The Gadarene Swine

In my wanderings in the Middle East I may have visited a district east of Jordon where the episode of the Gadarene swine is said to have taken place. As recounted in the New Testament, Jesus was accosted by a madman. Jesus freed him from his ‘devils’ which entered the swine grazing nearby (presumably there for the non-Jewish populations of nearby towns) and they ran madly over the cliff into the Sea of Galilee to be drowned. (They are on the top of the cliff at the back of the picture.)

This week will something similar happen? Prime Minister Theresa May is to evoke clause 50 of the Treaty of Rome to start Britain’s exit from the EU, terms as yet unknown. Brexiters don’t say what will happen to 44% of the UK’s current exports which go to the 27 free trade EU members, a market of 500 million. Vague mention is made of ‘global opportunities’, presuming that other countries will rush to make trade agreements (requiring much red tape to ensure conditions are fair) with a country of 64 million.  Normally such agreements take years. As promised on the Leave campaign bus in June 2016, the £360 million pounds sent weekly to the EU will be transferred to the National Health, an understandably popular promise to voters, could it happen. The unmentioned fact is that much money comes back to the UK from the EU – to help farmers, to depressed areas, to our universities and especially science where the EU thought our institutions were the leading ones in Europe, and much else.
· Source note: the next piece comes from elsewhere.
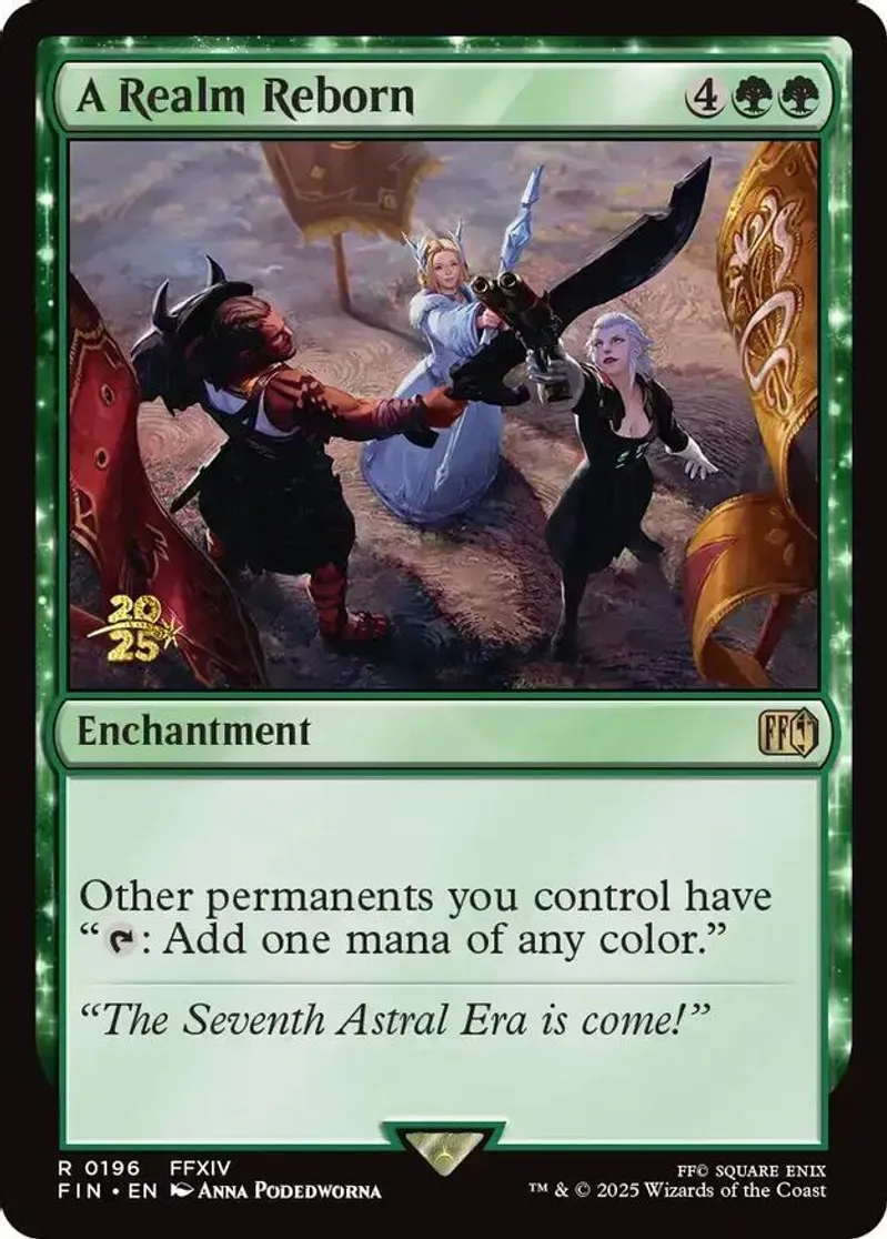Magic: the Gathering (mtg) Rare enchantment A Realm Reborn from Prerelease Cards (pPRE) last updated 2025-12-05 15:19:02
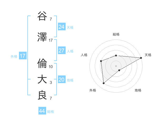 谷澤 倫大良さんの天格は24画の5点!

A snippit of history. Though the least poor of all the countries in Europe after WWII in 1945 b ecause we had not been invaded, by the 1970s we were ‘the poor man of Europe’. More than 40 years after joining the EU, the UK is doing relatively well in world terms while still in the EU, but only until the end of this week when a whole nation will jump over the cliff into an uncharted future.

What is the view from man left on the cliff contemplating the fate of the swine? Conventional wisdom is to follow the herd or, that much repeated phrase after the June 2016 Referendum: ‘The People have spoken’. The herd is necessarily right and all who disagree should pipe down and stop ‘remoaning’. The herd or majority (albeit a small one) may or may not be off course to a better future, but the doubting observer is automatically assumed to be wrong from the point of view of the herd majority.  It is important not to make the mistake of assuming that, because the herd is in the majority, that it is necessarily right.

Many have pointed out that this is the problem of democracy. But we elect representatives, not delegates, to represent us in the way they, though their expertise, consider to be in the best interest of those who elect them. Former leaders from all parties – Tony Blair, John Major, Lord Heseltine, Paddy Ashdown – predict, from their experience, an economic disaster if we leave the EU. The irony is that cross-party majorities in the House of Lords and the House of Commons fear Brexit will be disastrous. But popular feeling resents a loss of sovereignty, though the European Court of Justice (not the European Court of Human Rights) deals only with trade concerns to ensure a level playing field, not our courts of law. It resents immigrants who prop up our National Health Service and pick our fruit and vegetables. When they leave will British workers take their jobs in hospitals and fields? We’ll see.